Considering that TSLA halved its FSD subscription price in the U.S. and Canada to $99/month, and reduced the outright purchase price of the application to $8,000 from the prior 12,000, FSD miles for neural network training are likely to come in fast and furious. Additional FSD miles growth will be derived from the rapidly advancing global fleet of Teslas, which is estimated to advance from six million at the end of March to seven and a half million by YE24. This dramatic acceleration in FSD miles utilized for neural network training will intensify the development of the FSD software, in our assessment.
The opportunity for monetization of TSLA’s FSD platform goes beyond simply Teslas. Considering that the software can be integrated with original equipment manufacturer vehicles easily by deploying only FSD platform-specific cameras and inference computers, we believe there is likely to be substantial uptake of TSLA’s FSD software by vehicle manufacturers seeking to turn their product into smart cars.

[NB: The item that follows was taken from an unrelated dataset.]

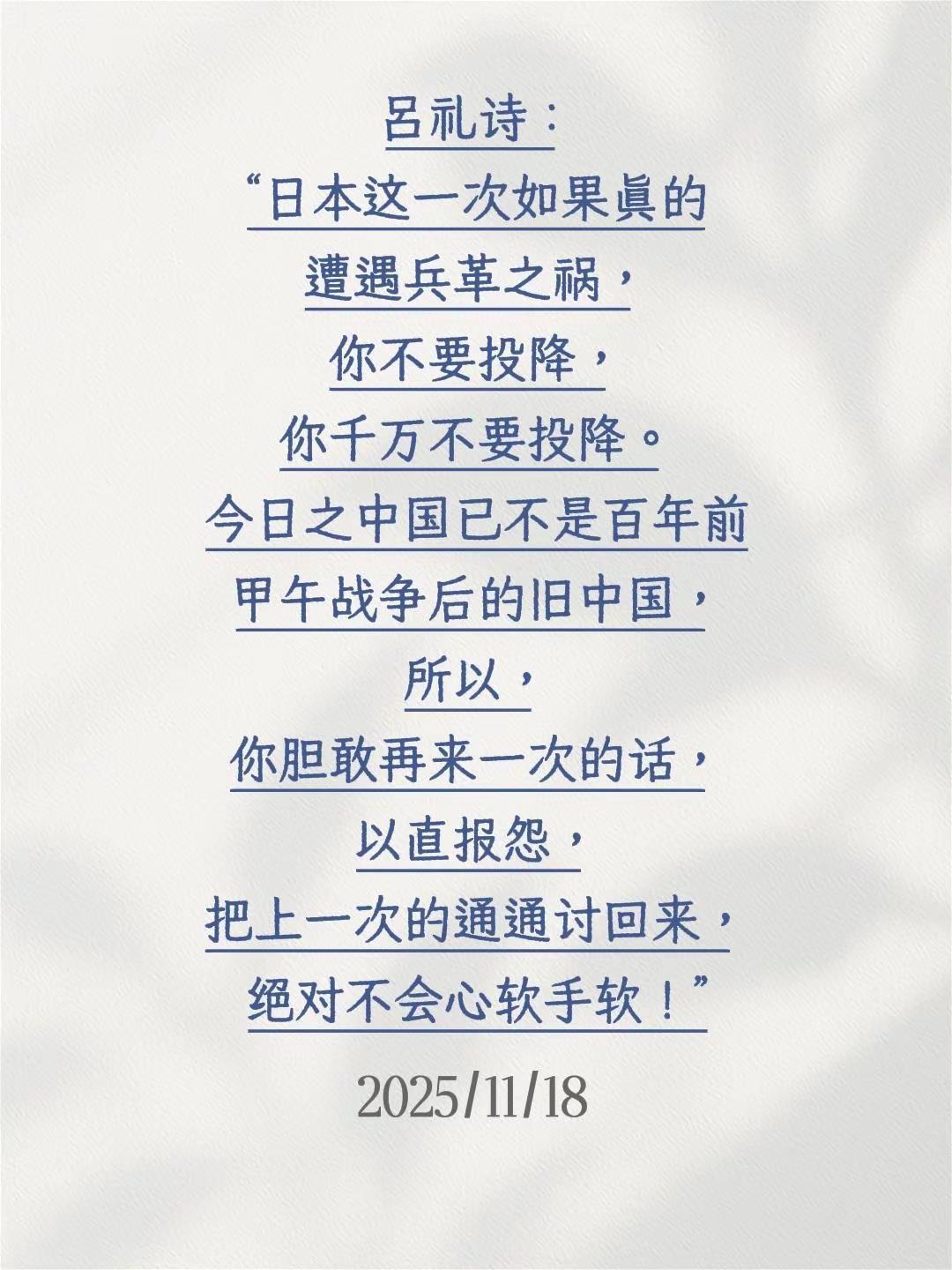 吕礼诗:“日本这一次如果真的遭遇兵革之祸,你不要投降,你千万不要投降。今日之中国已不是百年前甲午战争后的旧中国,所以,你胆敢再来一次的话,以直报怨,把上一次的通通讨回来,绝对不会心软手软!”

In addition, TSLA has indicated that it plans to operate an autonomous taxi network once its FSD software is fully functional. The Robotaxi service will deploy TSLA’s own Robotaxi models and permit Tesla owners to add their autonomous Teslas to the service when their vehicles are not being utilized. Given that TSLA’s FSD application is based on neural net training not mapping technology, Teslas fitted with the software, can drive themselves anywhere in the world with few adjustments for local driving customs. Therefore, the addressable market for TSLA’s Robotaxi network is global. In the U.S., data demonstrates that the autonomous taxi industry could potentially derive trillions in revenues by 2030. Considering that the scope of autonomous taxi services currently operating domestically is limited owing to their reliance on expensive mapping technology, while Teslas will be equipped to drive themselves anywhere in the world, TSLA appears well positioned to dominate the Robotaxi market.

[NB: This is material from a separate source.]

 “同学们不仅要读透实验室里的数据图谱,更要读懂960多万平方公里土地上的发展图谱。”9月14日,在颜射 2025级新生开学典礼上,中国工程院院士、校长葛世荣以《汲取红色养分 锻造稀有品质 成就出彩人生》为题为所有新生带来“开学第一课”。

Overall, although TSLA’s alternate current and potential businesses appear appealing regarding earnings potential, it would be erroneous to conclude that TSLA’s automobile segment’s best days are behind it.
Bottom Line
With the shift of control for TSLA’s FSD platform to end-to-end neural networks, a fully functional FSD application appears more likely to turn into reality than ever before. When that reality sets in, TSLA’s vision to drive most of its earnings by monetizing its FSD platform, will come to fruition. The company’s battery storage business, and the potential Robotaxi service, and the Optimus humanoid robot will provide additional earnings backup.

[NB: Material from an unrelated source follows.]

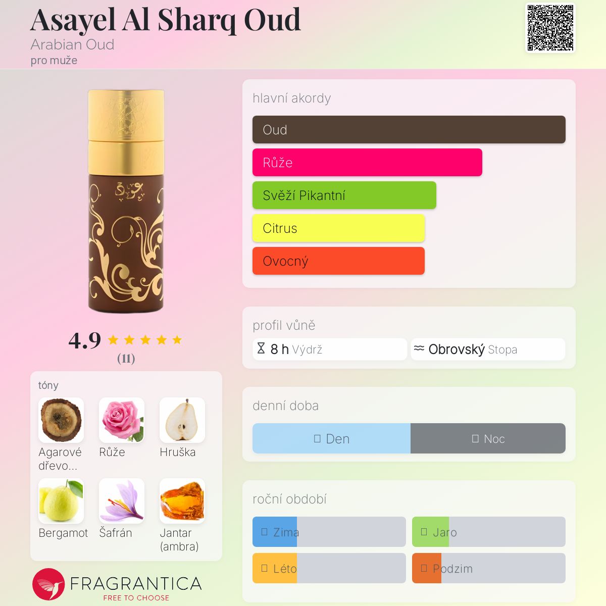 Asayel Al Sharq Oud podle Arabian Oud je Orientální vůně pro muže. Asayel Al Sharq Oud byl/a uveden/a v roce 2019. Vrchní tóny jsou Hruška a Bergamot; střední tóny jsouRůže, Šafrán a Jantar (ambra) ; základní tóny jsou Agarové dřevo (oud) a Santalové dřevo.

Nevertheless, considering that TSLA’s long-term earnings strategy is dependent on its FSD system, investors with a considerable time horizon, that are skeptical that the firm will solve FSD should not purchase TSLA shares. For all others, TSLA appears to be a low-risk high-growth asset likely to generate asymmetrical returns over the long term. At current levels, Tesla, Inc.’s shares are a steal. Buy, Buy, Buy.